Did I miss something?


----------



## blacktriangle (14 Nov 2009)

That's harder on the eyes than reading a CANFORGEN.

WTF, over. 

 ???


----------



## Franko (14 Nov 2009)

Gobsmacked said:
			
		

> Here comes yet more Tory Disinformation!
> Remarkably similar to Liberal Spin.
> 
> From Thursdays NP [http://www.nationalpost.com/related/topics/story.html?id=2212201 ]
> ...



I have no idea what this rant is about. Perhaps going back into your post and clarifying a bit will help.

What you have posted and are trying to attributed to the National Post is rather slanderous....seeing as it's your rant in the opinion column and nothing more.

Go get back on your meds.

Regards


----------



## Journeyman (14 Nov 2009)

Gobsmacked, you've been off this site since March 2007, when several knowledgable Milnet.ca members proved your nearly identical rant meaningless.

What, if anything, has changed?



(Other than the _amazing_ stretch of linking a Citizenship Guide to your C-17 hobby horse  : )


----------



## SeanNewman (14 Nov 2009)

Wow, that is quite the rant.

I for one (among thousands of others) am quite happy that we bought the C-17s.

Finally, we just asked ourselves "What is the best possible piece of kit we can buy to fill _________ need?" and bought it!

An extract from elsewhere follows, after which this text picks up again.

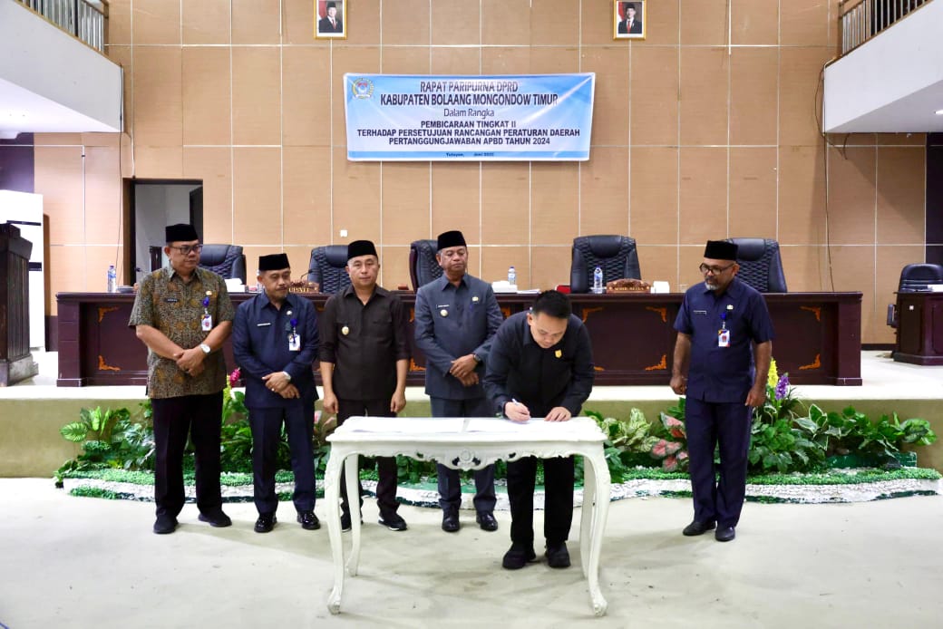 IKNews, BOLTIM – Pemerintah Kabupaten Bolaang Mongondow Timur (Pemkab Boltim) hari ini, melalui Rapat Paripurna Dewan Perwakilan Rakyat Daerah (DPRD) Boltim, melaksanakan Pembicaraan Tingkat II dan menyetujui Rancangan Peraturan Daerah (Ranperda) tentang Pertanggungjawaban Pelaksanaan Anggaran Pendapatan dan Belanja Daerah (APBD) Tahun Anggaran 2024. Agenda penting ini berlangsung khidmat di Gedung DPRD Boltim, menegaskan komitmen daerah terhadap transparansi dan tata kelola keuangan yang akuntabel.

No settling for cheap stuff, no re-inventing the wheel, no creating something from scratch to cash-infuse a Canadian company, we just bought the best damn brand new thing we could.


----------



## vonGarvin (14 Nov 2009)

It sounds to me (a dis-interested observer) that someone has an axe to grind.


----------



## Jammer (14 Nov 2009)

...or we could have waited for the A-400M (not even test flown yet), and paid three times as much for each airframe with no hope for maint spinoffs.
Yeah, that's the ticket.


----------



## Fishbone Jones (14 Nov 2009)

It sounds to me like someone got beat out of their consulting fee because some liebral pork barrel consortium didn't get picked.


----------



## SeanNewman (14 Nov 2009)

Jammer said:
			
		

> ...or we could have waited for the A-400M (not even test flown yet), and paid three times as much for each airframe with no hope for maint spinoffs.
> Yeah, that's the ticket.



Now that we've found our differences we can start to work out our common ground.  As we agree on the C17, we will see what is next.


----------



## PMedMoe (14 Nov 2009)

Journeyman said:
			
		

> Gobsmacked, you've been off this site since March 2007, when several knowledgable Milnet.ca members proved your nearly identical rant meaningless.
> 
> What, if anything, has changed?


I took a look at his posting history and it would seem ALL his posts are pretty much meaningless rants, complete with colors, bold and italicized font, different sized fonts and a whole slew of smileys.


----------



## aesop081 (14 Nov 2009)

> Disillusioned Defence/Geopolitical Analyst



More like "Disgruntled industry lobbyist" or even "sore loser".


----------



## tango22a (14 Nov 2009)

Maybe WE should don our tin foil hats as a defence against whatever switched him on. Sort of like a flu shot.....you know Preventative Medicine instead of Political Correctness.


tango22a


----------



## Bruce Williams (14 Nov 2009)

Gobsmacked, if you don't like how we do things in Canada feel free to leave. I'm sure you will like the freedom in Libya or North Korea since you seem to suggest they do things in a way that you like.


----------



## Loachman (14 Nov 2009)

PMedMoe said:
			
		

> I took a look at his posting history and it would seem ALL his posts are pretty much meaningless rants, complete with colors, bold and italicized font, different sized fonts and a whole slew of smileys.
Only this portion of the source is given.